Тут Шестов как бы открывает перед нами новые горизонты, какой-то просвет, возможность нового творчества, трагической истины, трагического добра, трагической красоты. Это уже бунт против обыденности, борьба за право подпольного, трагического человека. Прежде всего и больше всего это бунт против "природы", против "законов" ее, против необходимости. Нельзя вынести этой слабости человеку, этой зависимости от "природы", неизбежной смерти, неизбежного умирания в жизни.

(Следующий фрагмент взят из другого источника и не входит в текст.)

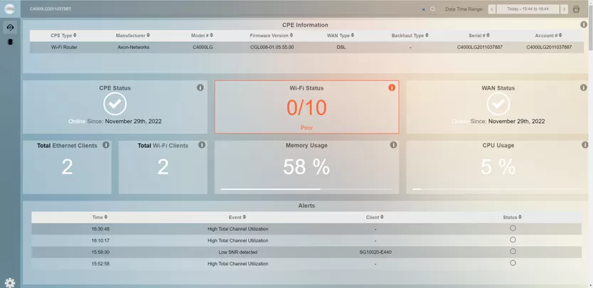 - Les utilisateurs appellent parfois le support lorsque leur signal WiFi est faible. Le module d'Alertes informera l'opérateur d'un problème et suggérera des correctifs avant que cela ne se produise.

Обыденные "идеи" только закрепляют слабость человека, примиряют с зависимостью, усмиряют всякий "бунт", мешающий человечеству устроиться, успокоиться. Моральный "идеализм", провозглашающий суверенность "добра", есть самое яркое проявление властолюбивой обыденности.

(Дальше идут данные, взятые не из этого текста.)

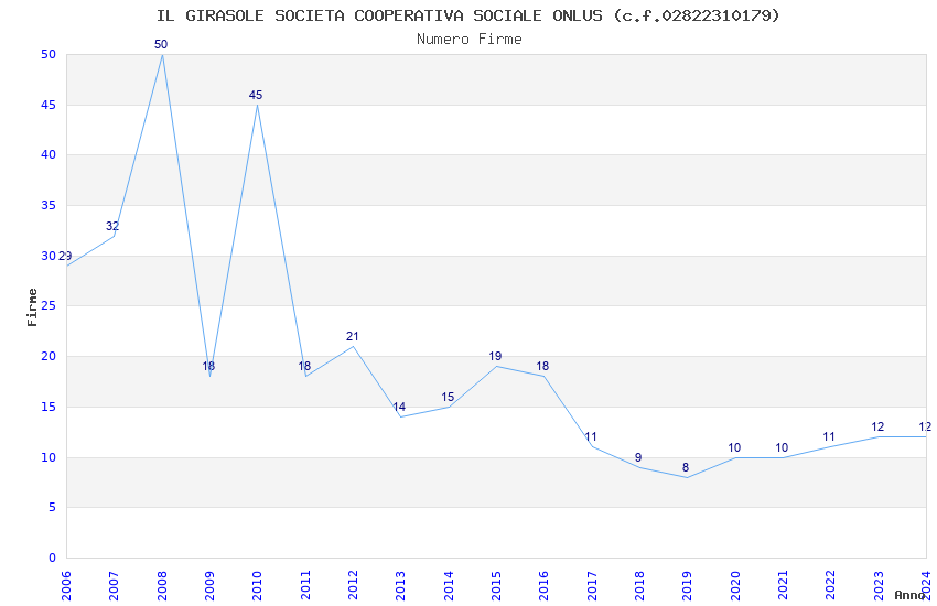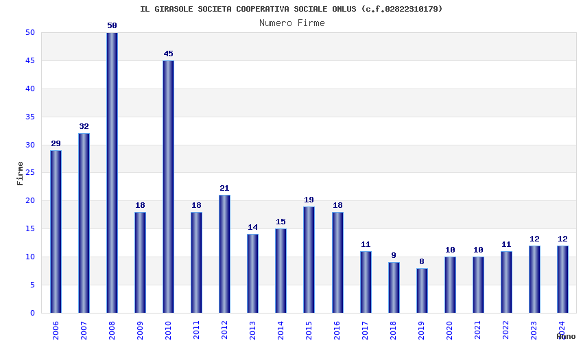 | Anno | Firme | Importi | Media | Naz. | Reg. | Prov. | Comu. |

Я вижу крупную заслугу Шестова в острой, глубокой психологической критике всякого рода позитивизма, всякого рода утверждения обыденности, хотя бы и под маской идеализма. Наряду с этим Шестов дает психологическое оправдание трансцендентных исканий, он метафизик по всем своим вожделениям. "Метафизики восхваляют трансцендентное, но тщательно избегают соприкосновения с ним. Ницше ненавидел метафизику, воспевал землю - и всегда жил в области трансцендентного"[25]. Шестов презирает метафизику рационалистов, метафизику, созданную категориальным мышлением, дедукцией понятий, но он признает метафизический опыт, ощущает те переживания, трансцензус к которым знаменует собою отречение навеки от всякого рода позитивизма. Другую заслугу Шестова я вижу в развенчании идеи суверенности "добра", в обнаружении бессилия "добра". "Имморализм" есть, конечно, недоразумение, но "моралистическое" миросозерцание должно быть ниспровергнуто, это чувствуют самые тонкие люди нашего времени. Шестовская психология трагедии знаменует собой переход от бессильного, обыденного "добра" к трансцендентной силе, т.е. Богу. Только трансцендентная мощь могла бы свести счеты с индивидуальной трагедией, а не бес сильные "идеи", не приручающие к обыденности "нормы". На философском языке это должно быть обозначено как переход от "морали" к "метафизике". Жизнь нуждается не в моральной, обыденной санкции, а в метафизической, трансцендентной, только такая санкция может удержаться перед судом бунтующей индивидуальности, трагического опыта. Существованием "нравственного закона" нельзя оправдать слезинки замученного ребенка, и чуткие люди начинают понимать уже, что стыдно говорить об "этических нормах" человеческому существу, обезумевшему от трагического ужаса жизни. Я бы даже сказал, что безнравственно говорить о "добре" перед лицом трагедии, тут уж нужно нечто высшее, чем "добро".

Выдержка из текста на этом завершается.